Книга о смерти. Том I - страница 23

Шрифт
Интервал


Когда обедня кончилась, мы, выйдя на свежий воздух, почувствовали минутное облегчение, а затем, веселые и равнодушные, направились к нашему дому. Казалось, все мы теперь готовы услышать какую угодно страшную весть. Но, возвратившись, мы узнали, что ничего нового не случилось.

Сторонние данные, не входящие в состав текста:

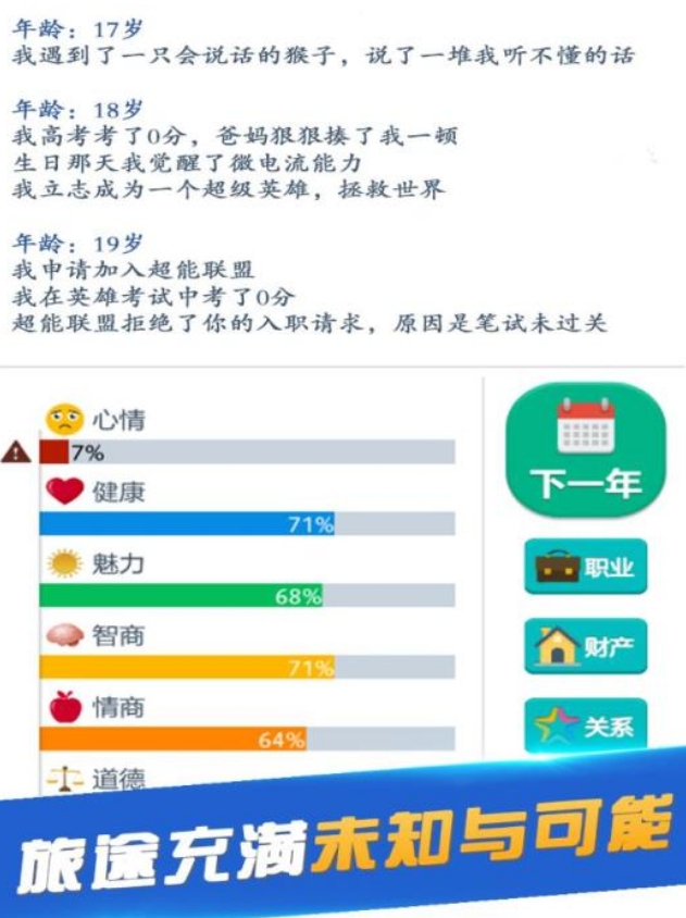 有著不錯模擬樂趣的文字類游戲,它能讓各位從出生開始,重新在游戲中去經(jīng)歷人生的各個階段,且在每一階段都將由人們自行去進行人生道路選擇。而游戲也會根據(jù)各位的選擇,去對角色往后的人生進行模擬,并且會把模擬結果完整地呈現(xiàn)給大伙,人們也能十分直觀地了解到自己的選擇會對人生造成什么樣的影響。它的劇本設計沒有任何的規(guī)律,隨機性也特別高,能讓各位在游玩時不斷體驗不同的精彩人生。

Так прошел этот день и еще следующий, в течение которых наша общая покинутость и уныние увеличились еще тем, что доктора уже к нам не ездили. Утром 17 августа Машина комнатка сделалась как-то для всех странно доступною. Разнеслась весть, что больная начала «отходить». Дом стоял пустой, точно все куда-то убежали. Никто не подходил к Машиной двери, несмотря на то, что никаких запретов уже не было. Казалось, никакие заботы уже не помогут, да и не нужны Маше. И вот я направился туда, без всякого трепета, покорный общему настроению; пошел заглянуть туда, как я пошел бы во всякое другое пустое место. Комнатка действительно имела пустой вид. Сильный запах мускуса обдал меня; ковры были сняты; крашеный пол блестел; в углу, на деревянном треугольнике под образом, крупной звездой горела лампадка; на кровати, казалось, никого не было, до того низко и плоско лежала больная. Ровное, хриплое клокотание доносилось оттуда, похожее на кипение воды, но не на движение живой груди. Я приблизился. Машино лицо лежало в яме, под подушками, прикрытое четырехугольным прозрачным платком, с серебряным крестом посредине и такою же каймою вокруг. Лицо это было бескровное, с закрытыми глазами и неподвижно раскрытыми губами, из которых вылетал этот страшный, ровный хрип. Я инстинктивно перекрестился и ушел. В дверях я столкнулся с няней, возвращающейся на свое дежурство и не сказавшей мне ни слова.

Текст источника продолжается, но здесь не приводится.